● **Input data**
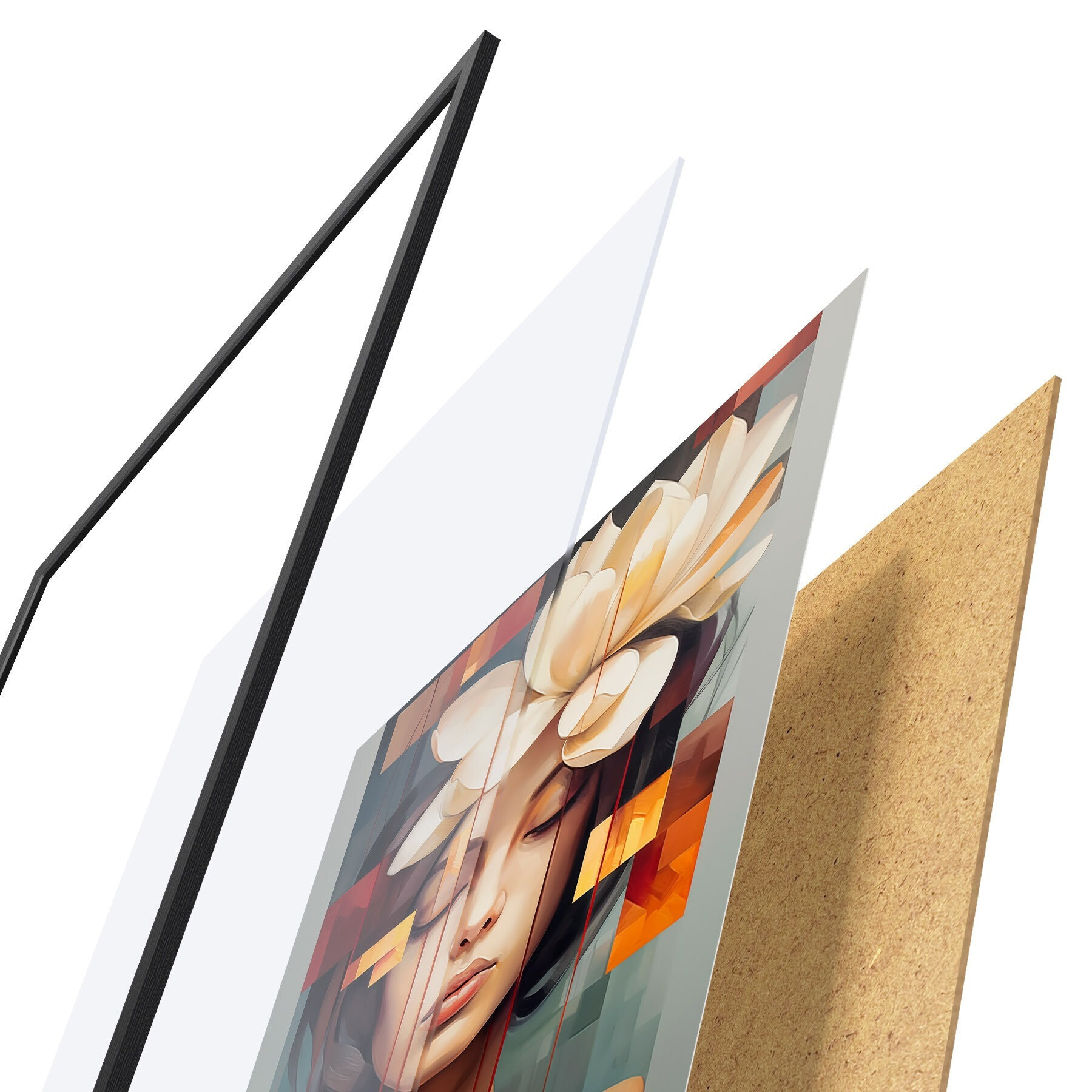 A poszter keretből, plexiből, nyomtatott képből és forgácslap hátlapból áll. A poszter a hátoldalon található rögzítőknek köszönhetően azonnal felakasztható a falra.
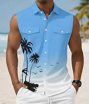 Pánské Kokosový strom Barva přechodu Tropické rostliny Košile Havajská košile Aloha košile Bez rukávů Letovisko Plážová dovolená Léto Jaro Přehnutý 3D tisk Přední dvě kapsy Košile na knoflíky Vodn
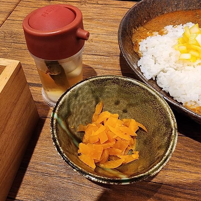 味変アイテムのチキンカレー用スパイス酢と一緒に登場したのが「大根味噌漬け」¥100なり。福神漬けと同じ傾向の甘口醤油味で、漬物は全般的に大好きな我が家ではこりゃお気に入りですな。パリパリ食感で、カレーの箸休めに丁度いい感じでした。(つい味変するのを忘れて、スパイス酢の効能が確認できなかったので、また来なくては!)
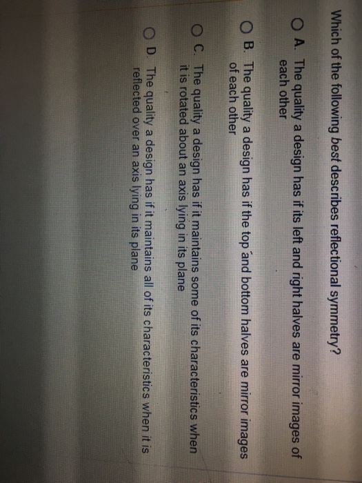 Solved Which Of The Following Best Describes Reflectional Chegg Com
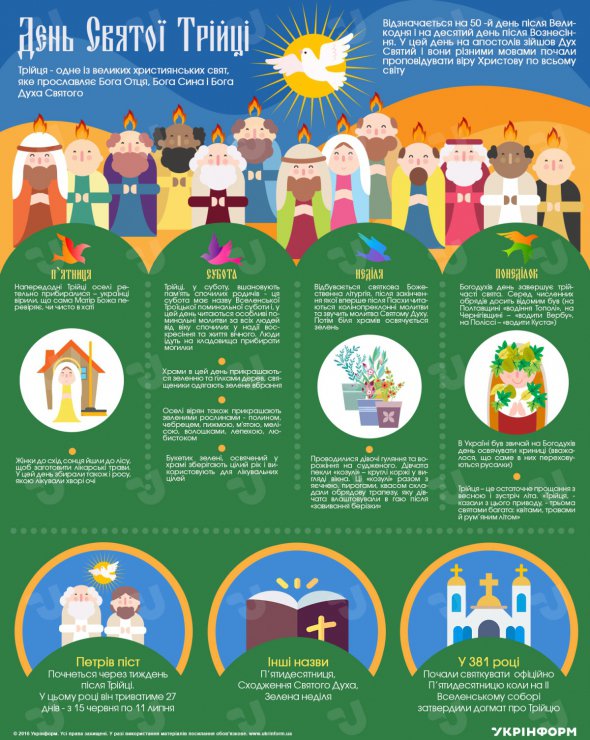 Святкують через 50 днів після Великодня. Звідси й ще одна назва свята – П'ятидесятниця. У цьому році дата свята збіглася як у католиків, так і у православних.

● **Work order**
All of the material above is to be retyped verbatim, with its pictures omitted.

● **Answer to this task**
 A poszter keretből, plexiből, nyomtatott képből és forgácslap hátlapból áll. A poszter a hátoldalon található rögzítőknek köszönhetően azonnal felakasztható a falra.
 Pánské Kokosový strom Barva přechodu Tropické rostliny Košile Havajská košile Aloha košile Bez rukávů Letovisko Plážová dovolená Léto Jaro Přehnutý 3D tisk Přední dvě kapsy Košile na knoflíky Vodn
 味変アイテムのチキンカレー用スパイス酢と一緒に登場したのが「大根味噌漬け」¥100なり。福神漬けと同じ傾向の甘口醤油味で、漬物は全般的に大好きな我が家ではこりゃお気に入りですな。パリパリ食感で、カレーの箸休めに丁度いい感じでした。(つい味変するのを忘れて、スパイス酢の効能が確認できなかったので、また来なくては!)
 Solved Which Of The Following Best Describes Reflectional Chegg Com
 Святкують через 50 днів після Великодня. Звідси й ще одна назва свята – П'ятидесятниця. У цьому році дата свята збіглася як у католиків, так і у православних.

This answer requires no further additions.